Struggling figures dotted the planking barely visible between the swaying envelope above, and the main body of the gondola below. Brass glints and figures in crystalline fabric swung here, rushed there, and every now and again, some maniac was still firing off rockets from the long, spindly mortar-guide tubes. 

Finally, some sort of odd struggle on the poop deck was resolved, and the whole ship shuddered as new hooves on the ship's wheel changed her course, once again. New carriages approached the half-captured airship, and little figures leaped from the back of the chariots onto the tumbled decks, covered in struggling griffons, ponies, and assorted other people of various tribes. 

That is a bit more than what was planned. Some of the ratings and riggers decided to make a fight for it?

Purse squinted his eyes through the crummy optics of his cut-rate glasses, and looked for the tell-tale sign of real blood, real damage. The ship was too wreathed with smoke and mess for Purse to be certain.

Then, the large flag of the Equestrian merchant-marine flapping from the rear of the great ship twitched, jerked, and then suddenly was struck.

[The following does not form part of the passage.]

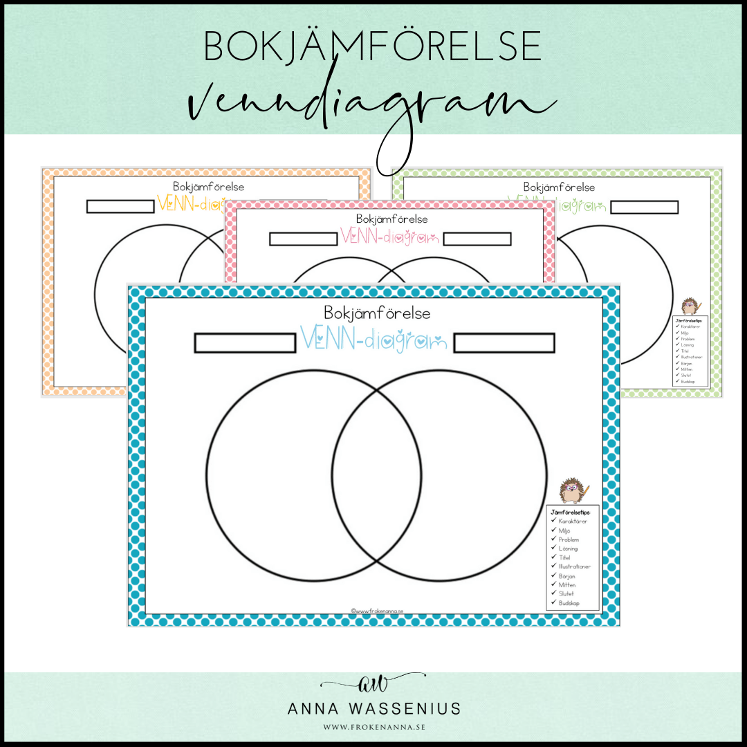 Jämför olika böcker med VENN-diagram, tips på saker att jämföra följer med. VENN-diagrammet har fyra färger. Använd med fördel efter att eleverna haft boksamtal i grupp och jämför böckerna de läst.

The audience roared with realization, as the torn-down colors were quickly replaced by a new, unfamiliar flag, a sunburst in magenta and lavender. The voices of ponies and griffons, from rooftop, from battlement and bleacher, from factory-roofs and shop-doors and the streets and the boats and the docks in and around the harbor - it was as if all of Trottingham had spoken the same ineffable word, deranged by distance and place and time until one's ears were hopelessly dazzled by the sheer confusion

The Daddy Longlegs was captured, taken in prize. The crystal privateers had overcome their foe, and the ship was theirs!

And as the clocks struck noon, the Trottish crowds screamed in approbation, ponies from the battlements, and the griffons from the bleacher stands along the port and the harbor-side, to see one band of Equestrians conquer another in the neutral skies of Trottingham.

Purse Strings sat back, satisfied.

I guess everypony really does love a good show.